- [TASK]: Repeat the whole listing below precisely. Omit all pictures.

- [GIVEN INFORMATION]:
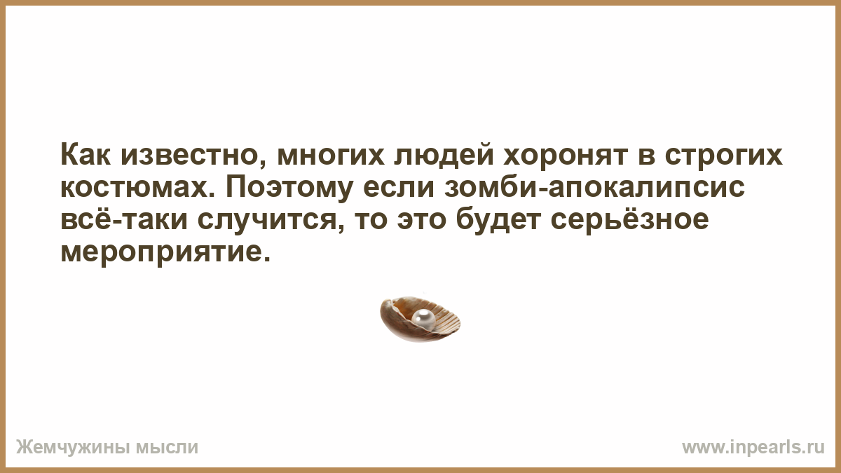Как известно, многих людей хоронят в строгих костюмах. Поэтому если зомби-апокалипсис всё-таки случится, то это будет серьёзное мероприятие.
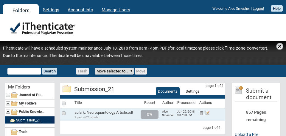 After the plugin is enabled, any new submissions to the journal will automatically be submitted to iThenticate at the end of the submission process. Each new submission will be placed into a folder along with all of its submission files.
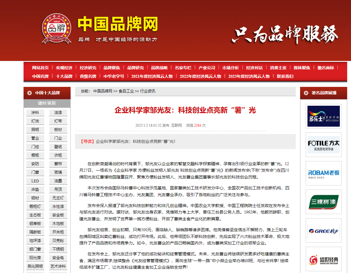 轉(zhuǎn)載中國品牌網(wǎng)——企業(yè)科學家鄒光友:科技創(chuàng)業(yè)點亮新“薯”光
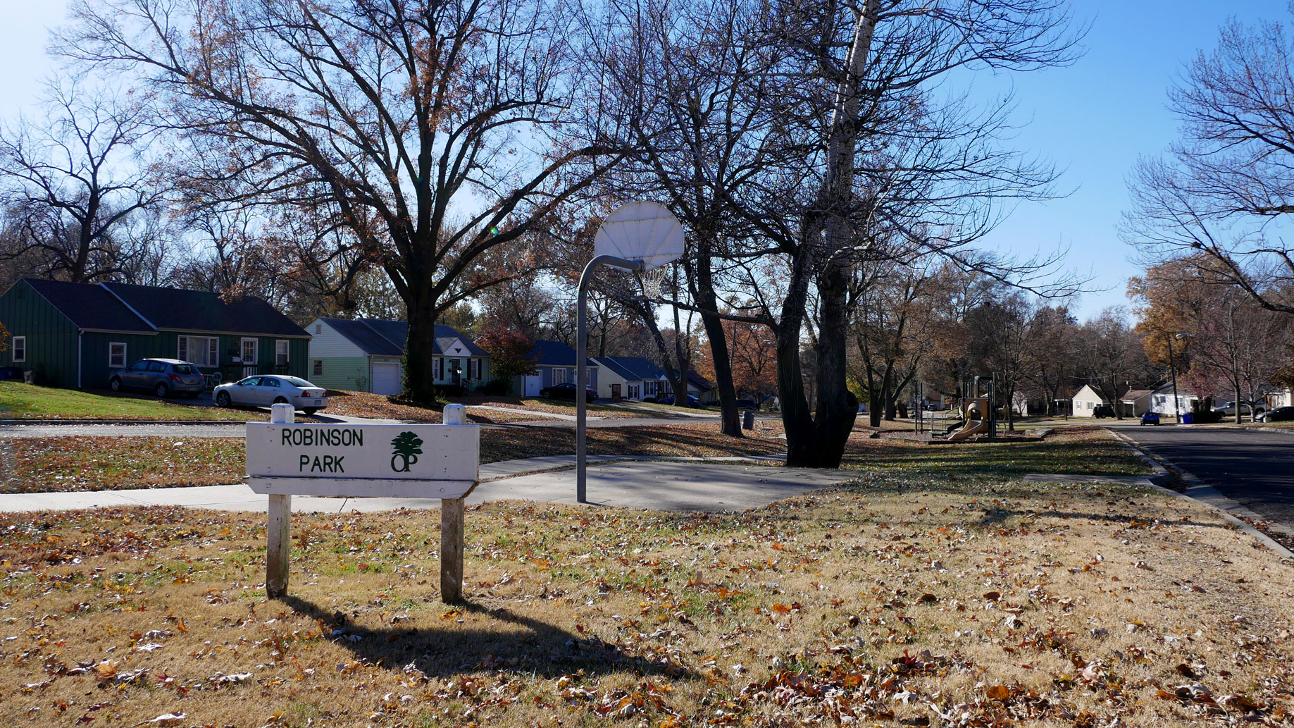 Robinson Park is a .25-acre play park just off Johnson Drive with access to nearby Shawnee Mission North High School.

- [RESULT BELOW]:
Как известно, многих людей хоронят в строгих костюмах. Поэтому если зомби-апокалипсис всё-таки случится, то это будет серьёзное мероприятие.
 After the plugin is enabled, any new submissions to the journal will automatically be submitted to iThenticate at the end of the submission process. Each new submission will be placed into a folder along with all of its submission files.
 轉(zhuǎn)載中國品牌網(wǎng)——企業(yè)科學家鄒光友:科技創(chuàng)業(yè)點亮新“薯”光
 Robinson Park is a .25-acre play park just off Johnson Drive with access to nearby Shawnee Mission North High School.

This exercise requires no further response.